Interesting. I recently switched from arch to popOS, and one thing that I noticed was that my laptop no longer dropped frames watching 1080p youtube, and the subtitles do a better job keeping up at 2x speed. This is supposedly due to a different scheduler.

Granted, while I've got no hard evidence I'm thermal throttling, I probably need to reapply thermal paste. When I did that for an old laptop my temps dropped by 20c and it noticeably improved it's performance.

You probably didn't install/enable hardware acceleration in arch as described here: https://wiki.archlinux.org/title/Hardware_video_acceleration

Yeah, I've been using linux for over 20 years, but I was pretty shocked by the number of sharp edges I encountered with arch. A recent update basically borked grub. On investigating the issue I found that the arch maintainers were shipping grub builds from the grub master branch, and when I pointed out this might not be the best idea the maintainer got huffy and said maybe I wasn't 'ready for arch'.

I installed popOS that day. I miss the AUR a bit, but pop resolves most of the issues I had with ubuntu, and starts and runs noticeably faster than arch, so all in all I'm pretty happy with it. It's a shame that arch can be so user hostile. I really admire it's wiki.

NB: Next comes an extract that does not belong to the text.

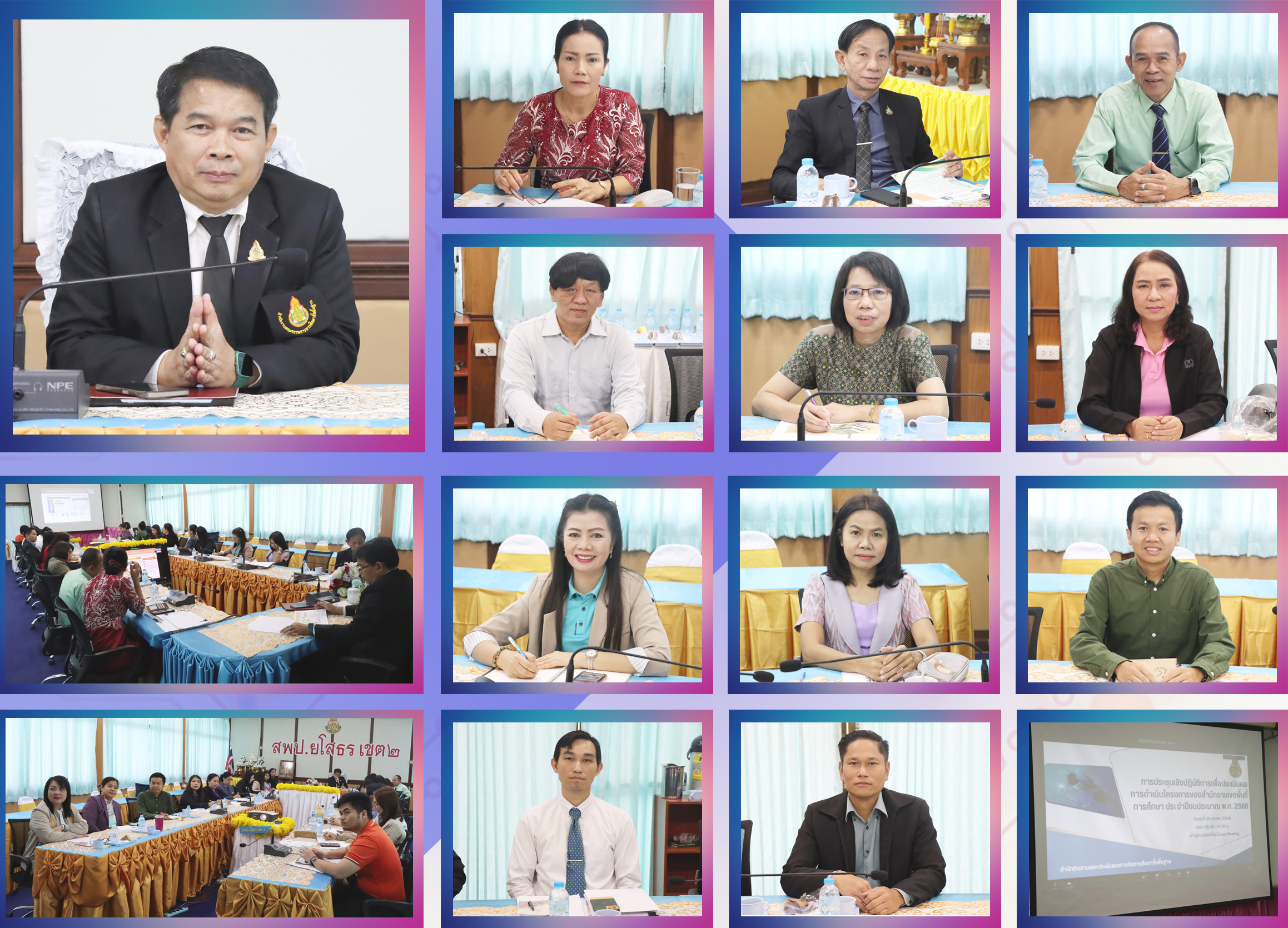วันที่ 25 ตุลาคม 2566 เวลา 08.30 น. นายพิทยา นามบุญลือ ผอ.สพป.ยโสธร เขต 2 พร้อมด้วย นางสุพิชญ์ชญา มีแก้ว นายอาวุธ ทองบุ นายธัญสิริวุฒิ แคนศิลา รอง ผอ.สพป.ยโสธร เขต 2 ผู้อำนวยการกลุ่ม ผู้อำนวยการหน่วย ศึกษานิเทศก์ และบุคลากร สพป.ยโสธร เขต 2 เข้าร่วมประชุมการประชุมเชิงปฏิบัติการเพื่อประเมินผลการดำเนินโครงการของสำนักงานเขตพื้นที่การศึกษา ประจำปีงบประมาณ พ.ศ. 2566 ผ่านระบบออนไลน์ Zoom Meeting ณ ห้องประชุมบุษราคัม สพป.ยโสธร เขต 2

I recently switched from Arch to Fedora Silverblue. I have my terminal open directly into an Archlinux container created by Distrobox. In there I have all my usual bits and bobs installed from the main Arch repos, plus the aur. Even graphical stuff, like Sublime Music, which I export to the host. But you don't need to be running Silverblue. You should give it a shot on PopOS; it really makes you feel at home coming from Arch.